__Aim of the task__
The lines to return run from the start of the material below through the line holding "Charming 1920s residence", both included; please give them back exactly, minus the pictures.

__Data block__
----------------------------------------
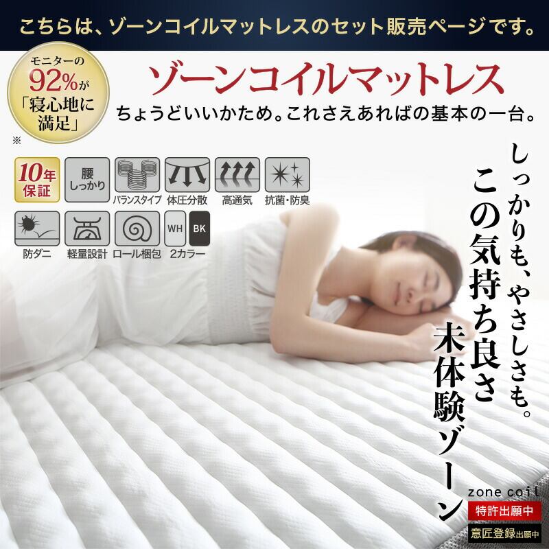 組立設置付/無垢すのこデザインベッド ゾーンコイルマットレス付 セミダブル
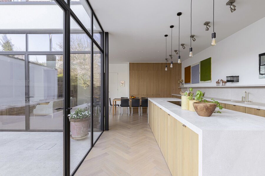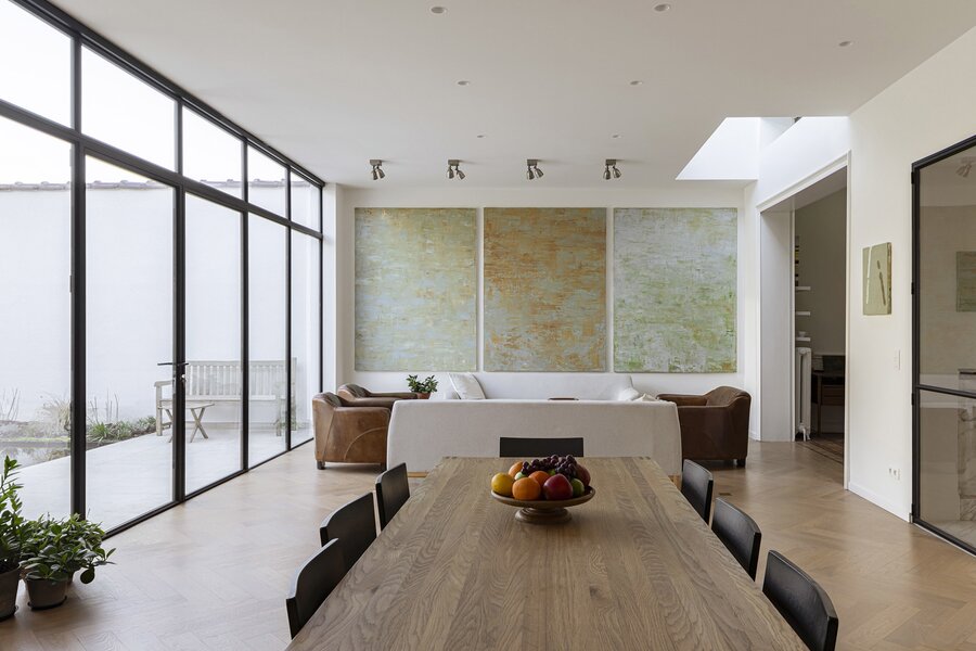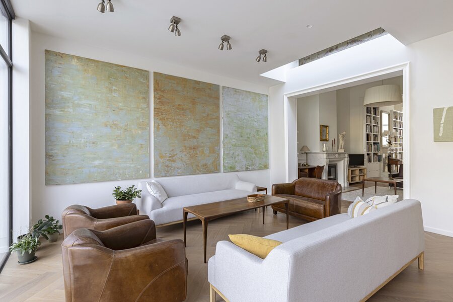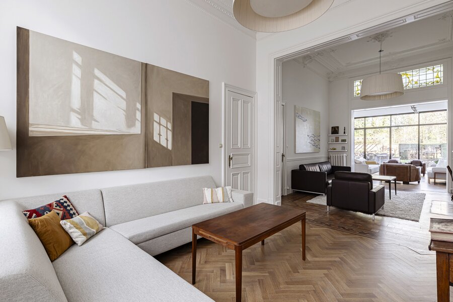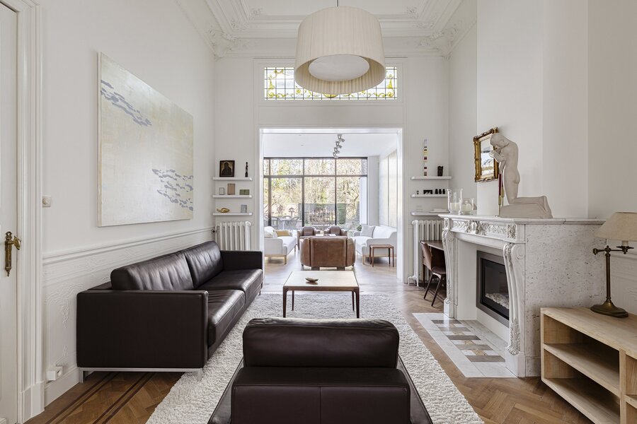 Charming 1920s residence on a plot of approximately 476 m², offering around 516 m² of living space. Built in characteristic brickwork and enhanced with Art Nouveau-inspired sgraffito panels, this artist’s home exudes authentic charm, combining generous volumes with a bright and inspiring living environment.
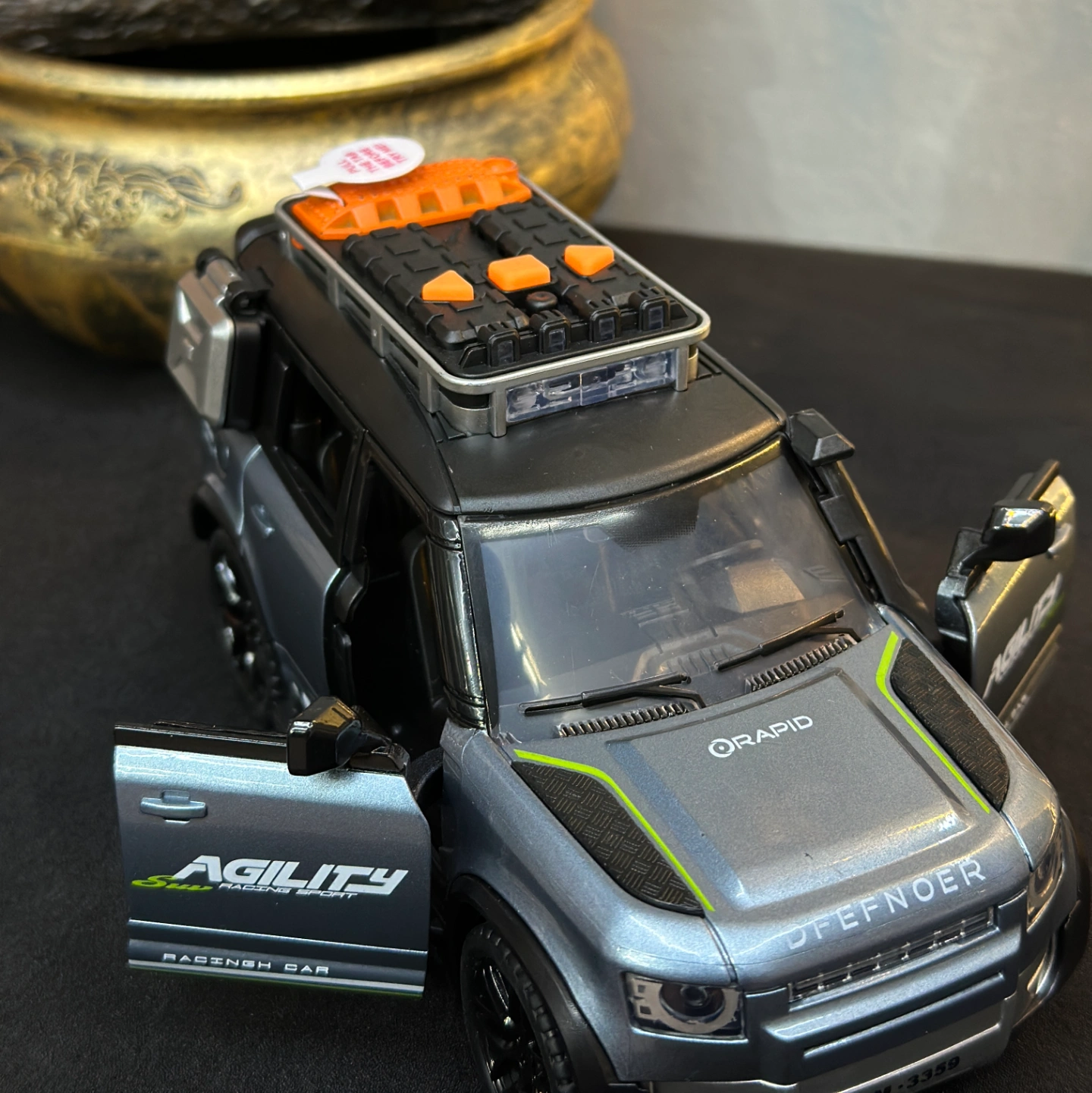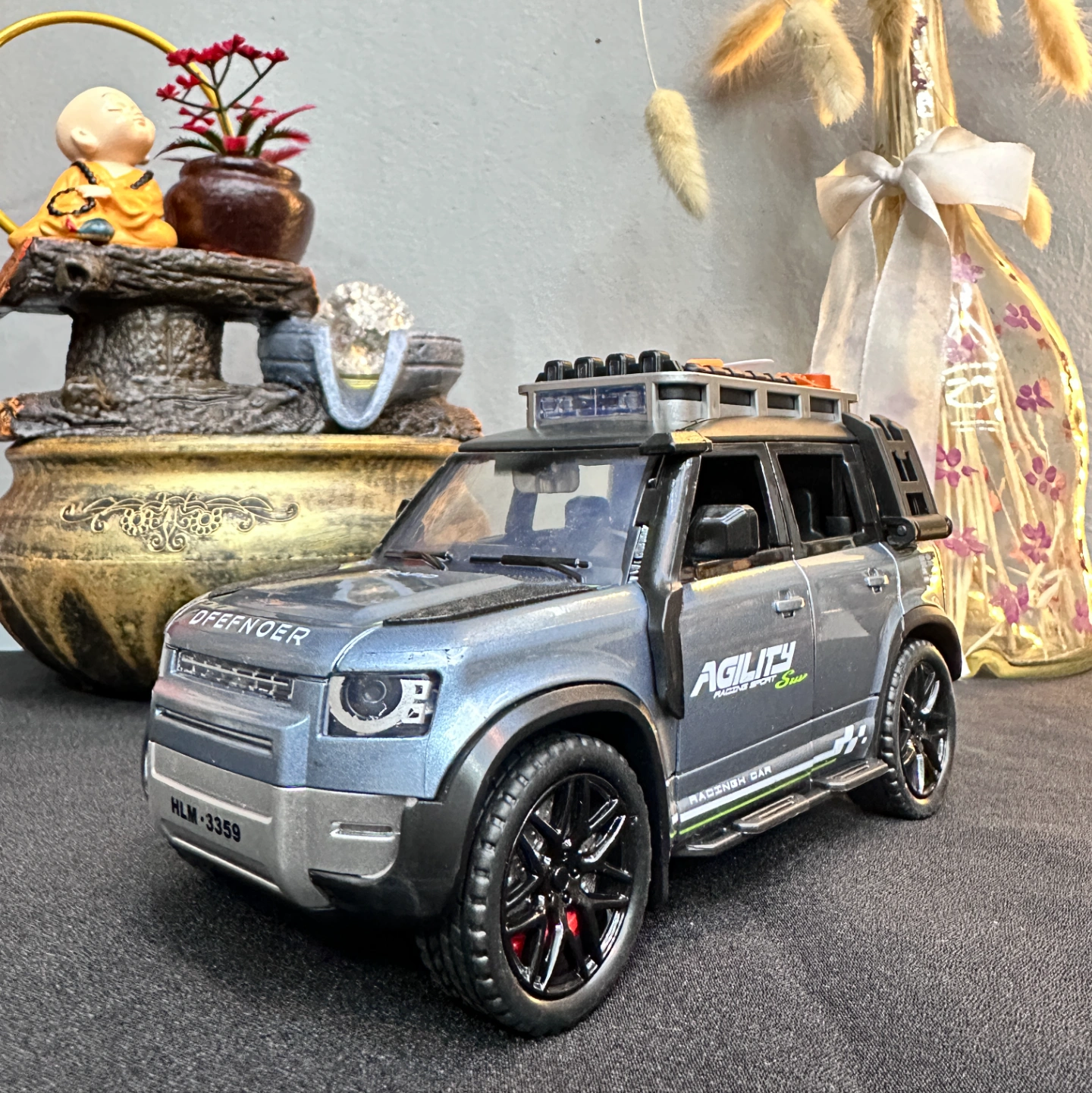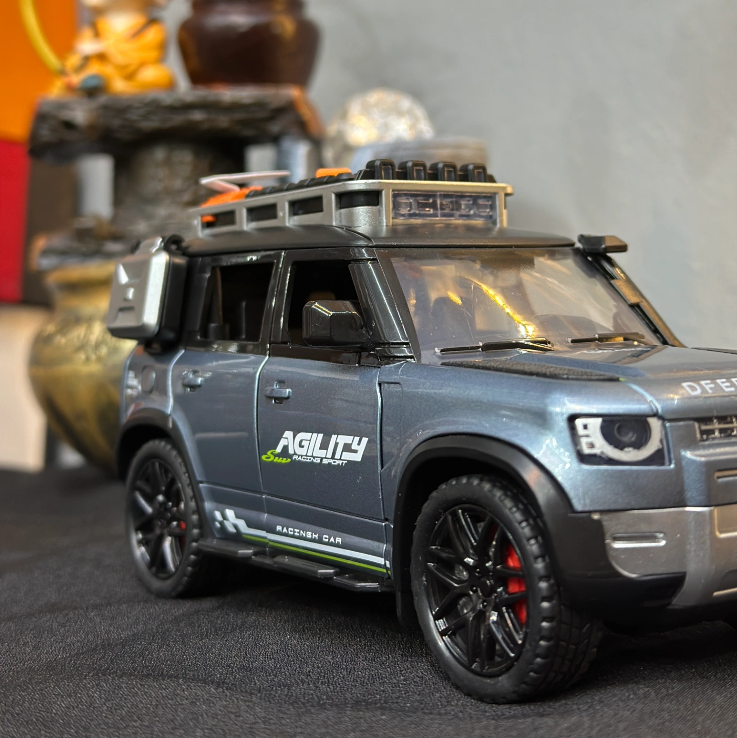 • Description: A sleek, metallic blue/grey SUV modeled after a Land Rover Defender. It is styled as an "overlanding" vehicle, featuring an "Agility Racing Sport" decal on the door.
----------------------------------------
__Result of this task__
 組立設置付/無垢すのこデザインベッド ゾーンコイルマットレス付 セミダブル
 Charming 1920s residence on a plot of approximately 476 m², offering around 516 m² of living space. Built in characteristic brickwork and enhanced with Art Nouveau-inspired sgraffito panels, this artist’s home exudes authentic charm, combining generous volumes with a bright and inspiring living environment.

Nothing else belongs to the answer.